Why you should learn to master your mood


Can you manage your mood? Could you master it?  I think we all know intuitively that when we are in a better mood, life is easier. We are better equipped to face important issues. We are better employees, better partners, better parents, and better friends.

I discovered this the hard way. From 2000-2005 I went through a very bad depressive illness. Dr Robert Fisher, my psychiatrist described it as the worst he had ever managed. During the treatment he always used to ask me to rate my mood every time I saw him – from 0 to 10.

Zero is where you have given up and want to die and 10 is where you’re thriving physically, mentally, spiritually.
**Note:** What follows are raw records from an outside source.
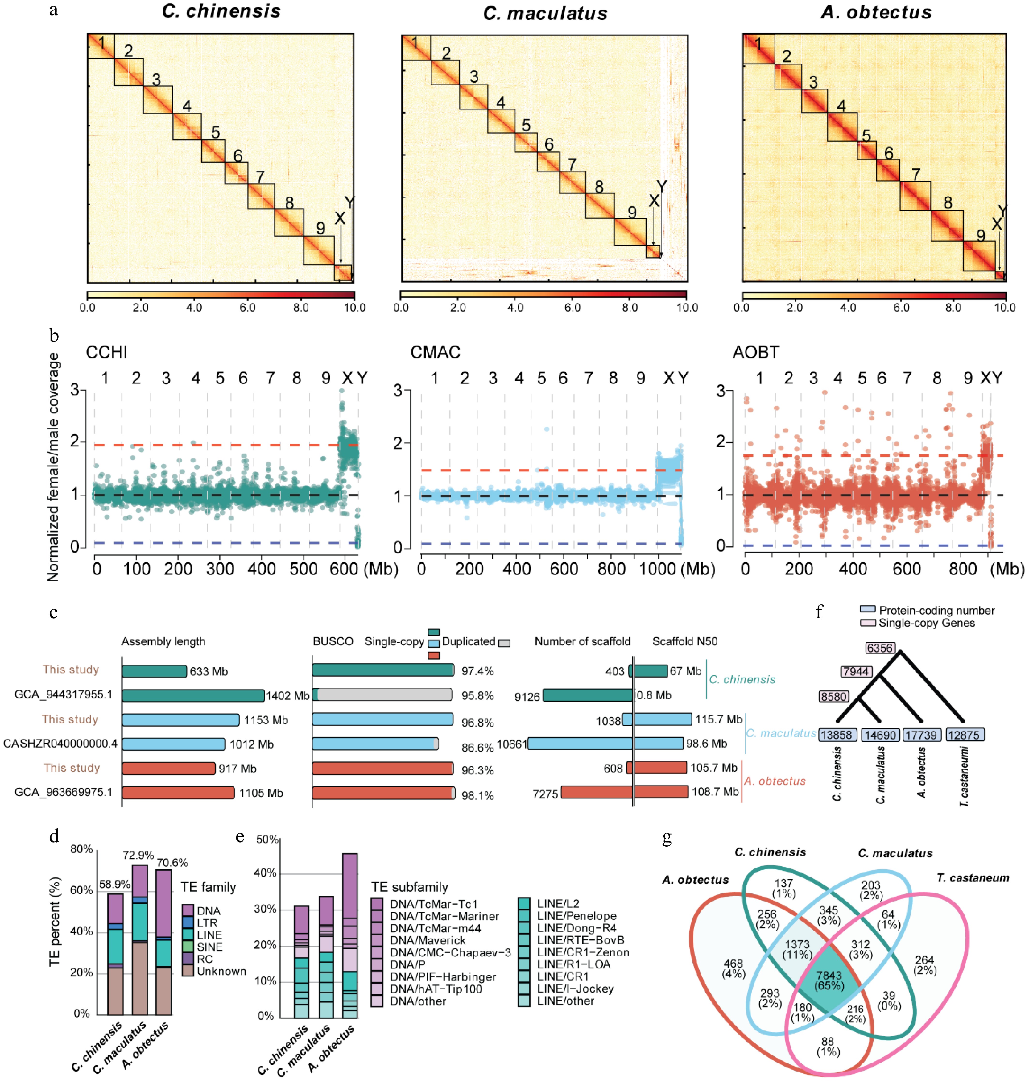 Genome assembly and annotation of C. chinensis, C. maculatus, and A. obtectus. (a) Hi-C contact maps of the C. chinensis, C. maculatus, and A. obtectus genome assembly. Black boxes denote putative chromosomes. White indicates the weakest scaffold interaction, while red indicates the strongest interaction. (b) Normalized female/male whole-genome sequencing coverage over the three seed beetle species's genome assemblies. Each point represents a 100-kb window. Blue, black, and red horizontal lines indicate the expected coverage over Y-linked, autosomal, and X-linked scaffolds, respectively. (c) Comparison of genome assembly parameters with previously published genomes for the three seed beetle species. (d) Repeat landscape of the three seed beetle species' genomes. (e) Landscape of the subfamily of DNA transposons and long interspersed nuclear element (LINE) transposons of the three seed beetle species' genomes. (f) Phylogenetic trees and gene number of three seed beetle species and the model species T. castaneum. (g) Comparative analysis of orthologous families from the three seed beetle species and the model species T. castaneum.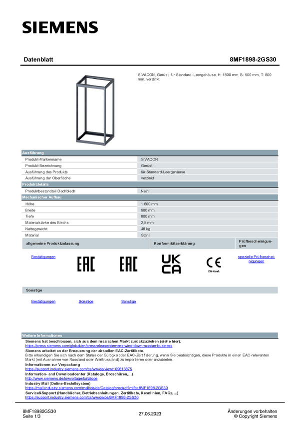 Rusztowanie Siemens 8MF1898-2GS30 1 szt.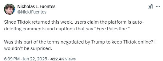 Critics slammed the app, with some suggesting that TikTok's reinstatement in the US might have come with conditions, including censoring pro-Palestinian content or any material opposing America's political interests.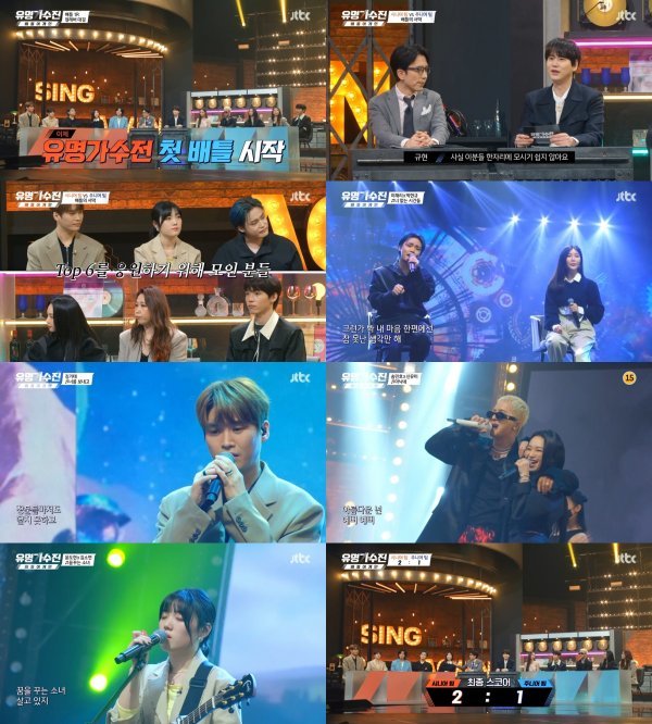 지난 15일 오후 방송된 ‘유명가수전-배틀어게인’(이하 ‘유명가수전2’) 1회에서는 ‘싱어게인2’의 주역이었던 TOP6 김기태, 김소연, 윤성, 박현규, 이주혁, 신유미가 김이나, 윤도현, 이해리, 선미, 송민호와 팀을 이루어 컬래버 무대로 ‘배틀’을 펼쳤다. 시니어 팀장 유희열은 김이나, 윤도현, 이해리와 김기태, 김소연, 박현규를 서포트 했고 주니어 팀장 규현은 선미, 송민호와 윤성, 이주혁, 신유미를 지원 사격하며 의리를 과시, 첫 번째 대결의 승리는 시니어 팀이 가져가며 다음을 향한 여정에 더욱 불을 지폈다.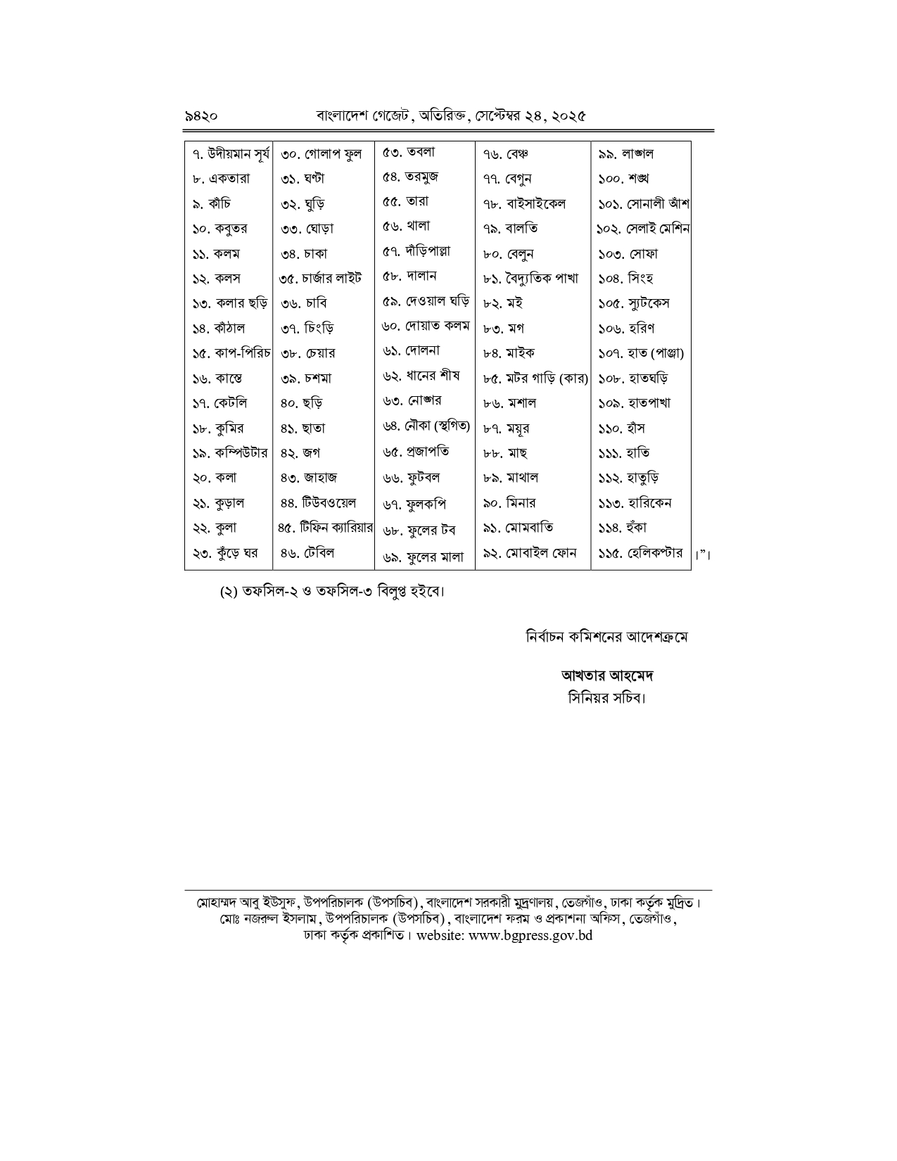 নৌকা প্রতীক স্থগিত রেখে ১১৫টি প্রতীকের তালিকা প্রকাশ করে প্রজ্ঞাপন জারি করেছে নির্বাচন কমিশন। তবে তালিকায় নেই শাপলা প্রতীক।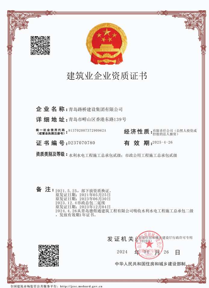 近日,青岛市行政审批局发布了《关于核准建设工程相关企业资质和建筑施工企业安全生产许可证名单的通知》,爱游戏网页版旗下交发集团取得水利水电施工总承包二级资质,进一步拓宽了集团水利水电工程业务承接范围,为多元化、可持续发展奠定了坚实基础。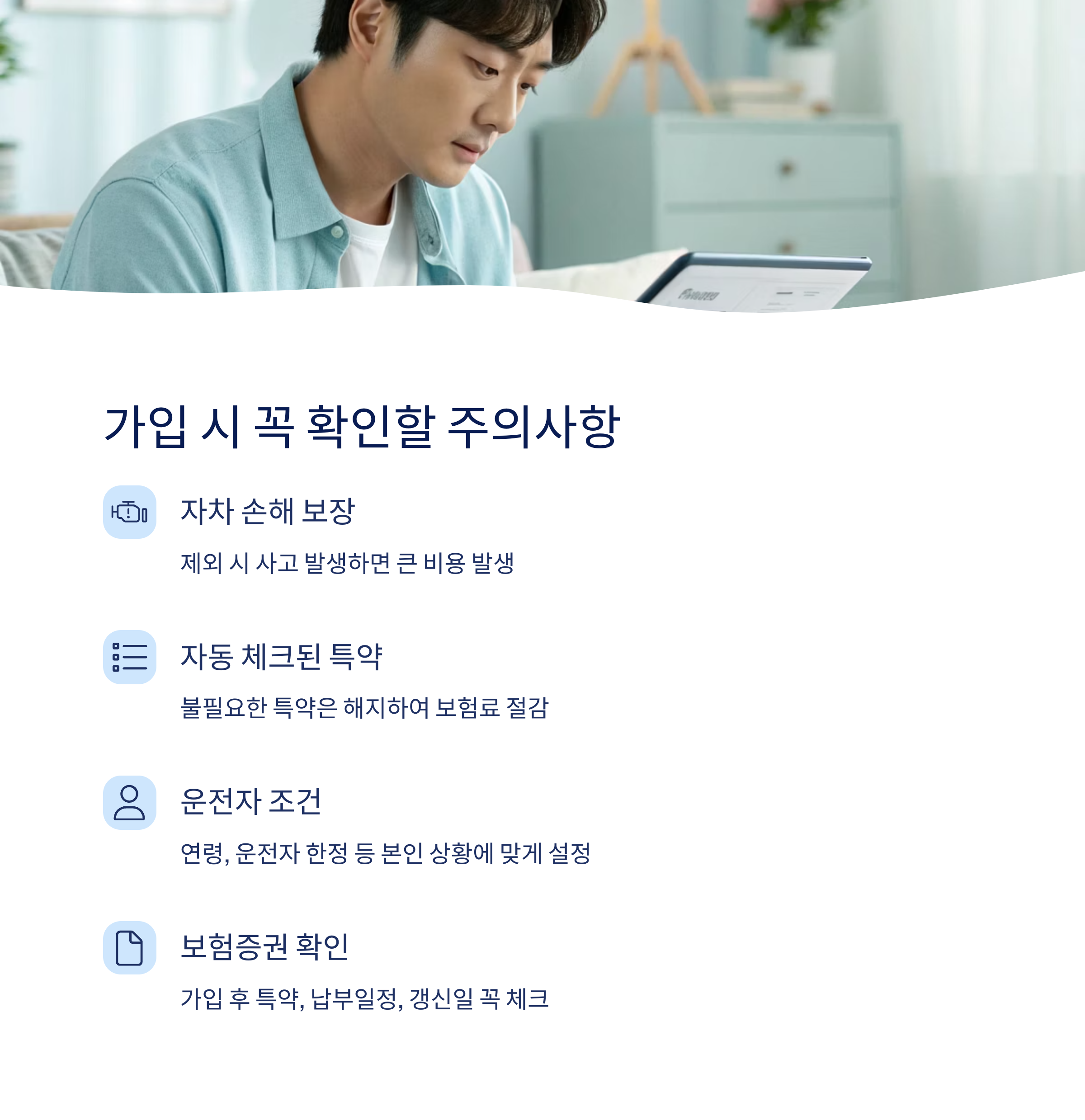만 26세 이상, 운전자 한정, 가족 한정 등의 조건은 가입자 본인의 운전 습관과 맞는 조건인지 꼭 검토해야 해요. 그렇지 않으면 사고 시 보장을 못 받을 수도 있어요.

One day I asked him, “Why do you ask me to do that?” He said, “Well, for one thing it helps me to understand where you are currently. I also believe that one day you should be able to learn how to manage your mood and maybe even master it.”

To be honest, I was a bit pissed off. I said, “Haven’t I got a clinical illness?” He said, “Yeah, you do. You’re chronically depressed, and you’ve had five episodes of depression before, which means you will always have a predisposition to the illness. But I believe that you and everyone should be able to learn how to manage their mood.”

Inspired by Dr Fischer, we produced the MOODOMETER. When we’re in the Red Zone, we’re anxious; we’re depressed, we’re ashamed.  We are very unproductive. We think black and white. It took me a long time to come out of the Red Zone. I had good medical care but it didn’t happen overnight. I tried 23 different medications; and 20 lots of ECT (shock therapy).

For me, my recovery started by walking in nature which made a real difference to me. I then started reconnecting with friends and family I’d isolated myself from which also helped. I gradually moved up the scale to the Amber Zone where you’re worried or defensive or irritated. 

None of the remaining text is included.